=== Aim of the exercise ===
Return the whole listing unchanged. Drop the images.

=== Information supplied ===
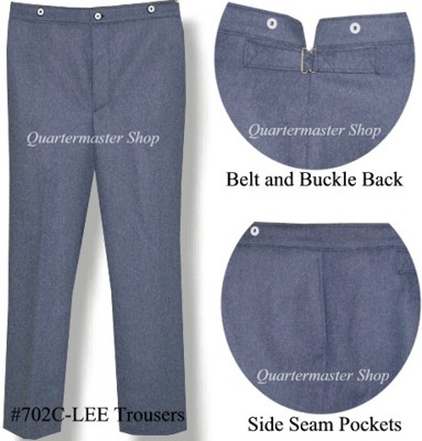 Matching Vest and Trousers are available in the additional order boxes below the coat order box. Vest is cadet grey wool with black polished back. Notched collar style with two front pockets and 8 small Conf Officer Eagle buttons supplied. Trousers are cadet grey wool with side seam pockets and a waistline watch pocket. Real bone buttons are supplied for the double button front pattern- suitable for our #1907 suspenders. Trousers are supplied unhemmed at 34.5" inseam for you to hem them the length you want. Or, we can hem them at your desired inseam for additional charge. Please double check your inseam. Trousers hemmed too short cannot be made longer!
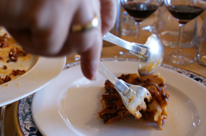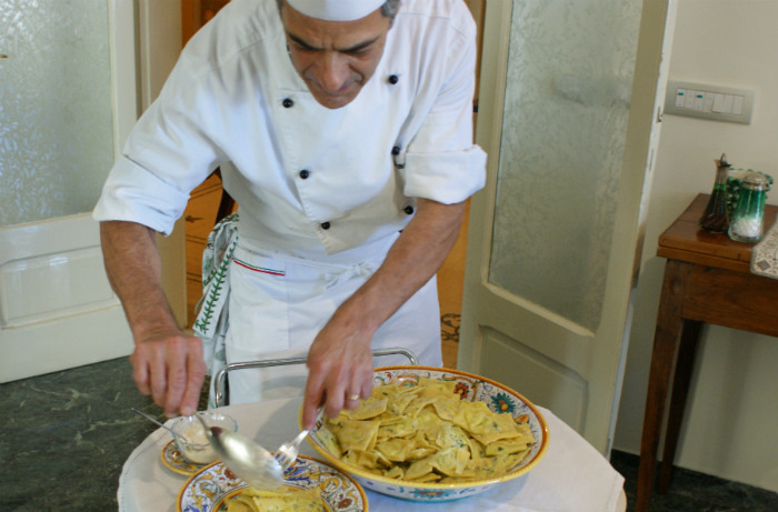 Following an array of appetizers in Emilia's parlor, we are called to the table where a private chef parcels out rich ravioli stuffed with ricotta and parsley. We savor it with a trebbiano di Abruzzo with a lot of savory notes to match the spice and cheese of the pasta.
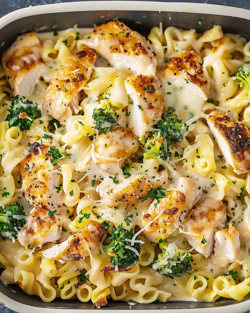 Baked Chicken Alfredo combines tender chicken, creamy Alfredo sauce, and pasta, all baked to golden perfection for a comforting, indulgent meal.

=== Result ===
 Matching Vest and Trousers are available in the additional order boxes below the coat order box. Vest is cadet grey wool with black polished back. Notched collar style with two front pockets and 8 small Conf Officer Eagle buttons supplied. Trousers are cadet grey wool with side seam pockets and a waistline watch pocket. Real bone buttons are supplied for the double button front pattern- suitable for our #1907 suspenders. Trousers are supplied unhemmed at 34.5" inseam for you to hem them the length you want. Or, we can hem them at your desired inseam for additional charge. Please double check your inseam. Trousers hemmed too short cannot be made longer!
 Following an array of appetizers in Emilia's parlor, we are called to the table where a private chef parcels out rich ravioli stuffed with ricotta and parsley. We savor it with a trebbiano di Abruzzo with a lot of savory notes to match the spice and cheese of the pasta.
 Baked Chicken Alfredo combines tender chicken, creamy Alfredo sauce, and pasta, all baked to golden perfection for a comforting, indulgent meal.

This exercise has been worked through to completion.